But I did a little research into some of the terminology you used, and I think I understand a little.

If I understand it correctly, my problem with this is that what I mentioned in my earlier post: They concluded an accelerated expanding universe by measuring the same phenomenon at 2 different distances (Super novae). But to conclude that something is accelerating, shouldn't you measure the same object at 2 different time intervals to make that conclusion? Or is that impossible because the redshift doesn't change measurably in our lifetimes to conclude anything like that?
 
  • #4
We apply physics as we understand it to observational evidence and make deductions. Anything more [or less] is purely speculative.
 
  • #5
Ramon163 said:
Thanks for your reply, and the posts are indeed a little confusing.
But I did a little research into some of the terminology you used, and I think I understand a little.
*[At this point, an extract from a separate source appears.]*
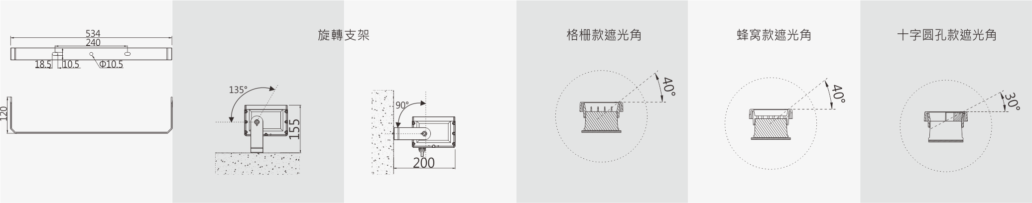 依客戶需求可選擇:(36燈)玻璃絲印;(96燈)格柵款、十字圓孔款、圓孔款、蜂巢款防眩光配件。

If I understand it correctly, my problem with this is that what I mentioned in my earlier post: They concluded an accelerated expanding universe by measuring the same phenomenon at 2 different distances (Super novae). But to conclude that something is accelerating, shouldn't you measure the same object at 2 different time intervals to make that conclusion? Or is that impossible because the redshift doesn't change measurably in our lifetimes to conclude anything like that?
Well, that would be really really nice, but I don't think we'll ever have detailed enough measurements to observe the accelerations directly. However, what I will say is that the supernovae are not, by far, our only evidence for dark energy.

The CMB, for instance, provides an extremely accurate measure of the geometry and matter density of our universe. From this we basically know that our universe is very nearly flat, but also that the matter density (both normal and dark) is insufficient to explain this flatness.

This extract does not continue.